Почти неделю после встречи с аббатисой Эллену держали в строгом заточении, но на пятый день ей разрешили присутствовать на вечерней службе. Идя по саду к часовне, она — после долгого заключения в четырех стенах — наслаждалась благами, даруемыми природой всякому смертному: чистотой свежего воздуха, яркой зеленью деревьев и кустарников. Вслед за монахинями она вошла в часовню, где обычно справлялись обряды, и заняла место среди послушниц. Торжественность службы — и в особенности та часть ее, которая сопровождалась музыкой, — сильно подействовала на Эллену, возвысив и укрепив ее дух.

Прислушиваясь к пению хора, Эллена особенно приметила один голос, поразивший ее необыкновенным звучанием: он отличался от других проникновенностью чувства и веры; в нем таилась печаль сердца, давно отринувшего мирские соблазны.

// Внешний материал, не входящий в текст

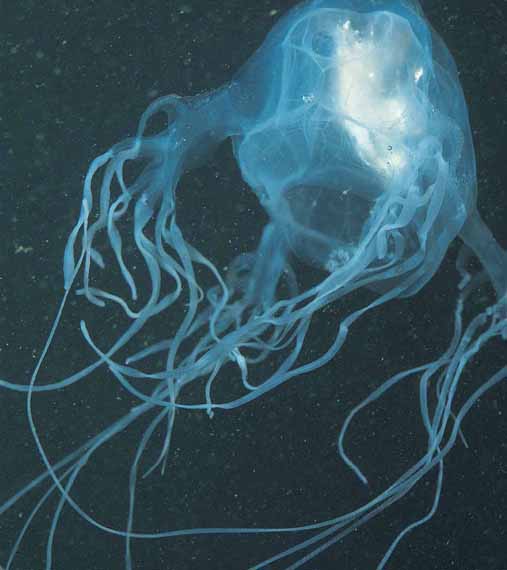 There are four bundles of about ten tentacles, most over 2m (6ft 6in) long and each carrying around 3 million nematocysts. The toxin contains chemicals that affect heart muscle and nerves and destroy tissue, the purpose being to kill a fish quickly so it doesn’t get away. But if a box jellyfish encounters a human, it may also sting in self-defence. The pain is excruciating, and without anti-venom, a victim can die from heart failure in just a few minutes. In addition, nematocysts fire not just on command but when stimulated physically or chemically. Strangely, they can’t penetrate women’s tights, and until ‘stinger suits’ became available, lifesavers patrolling beaches would wear tights unashamedly.
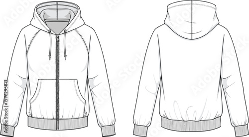 zip up hoodie technical flat sketch front back view with hood pocket rib cuff cad drawing flat vector illustration

Возвышался ли он под мощные раскаты органа или истаивал в стихавших гармониях хора — Эллене мнилось, будто ей сродни все переживания души, из которой этот голос изливался; она взглянула на галерею, где находились монахини, желая отыскать глазами лицо, гармонировавшее с голосом и выражавшее ту же тонкую восприимчивость. Посторонние в часовню не допускались, и потому некоторые из сестер откинули покрывала с лиц: среди них Эллена не встретила ничего особенно примечательного; но зато внимание ее привлекла фигура монахини, опустившейся на колени в дальнем углу галереи — подле лампы, которая освещала ее сбоку; облик этой монахини всецело соответствовал мысленно созданному Элленой образу, да и голос, казалось, доносился именно оттуда. Лицо монахини скрывала черная вуаль — достаточно прозрачная, впрочем, чтобы увериться в ее миловидности; однако не только голос, но и набожная поза (более никто из сестер не преклонил колени) убедительно свидетельствовали о глубокой искренности покаяния и пылком благочестии.

Пение смолкло; женщина поднялась с колен и откинула вуаль: при ярком свете лампы взору Эллены представилась внешность, полностью утвердившая ее в первоначальном предположении. На ангельски кротком лице монахини запечатлена была смиренная отрешенность от земного, но проступавшая бледность указывала на затаенную скорбь, исчезавшую только тогда, когда прилив благочестия возносил ее в горние сферы, наделяя вдохновенностью серафима. В такие мгновения глаза женщины, устремленные к небесам, преисполнялись преданнострастным обожанием и возвышенным пылом, напоминавшим изображения Гвидо; в ушах Эллены звучал тогда очаровавший ее голос.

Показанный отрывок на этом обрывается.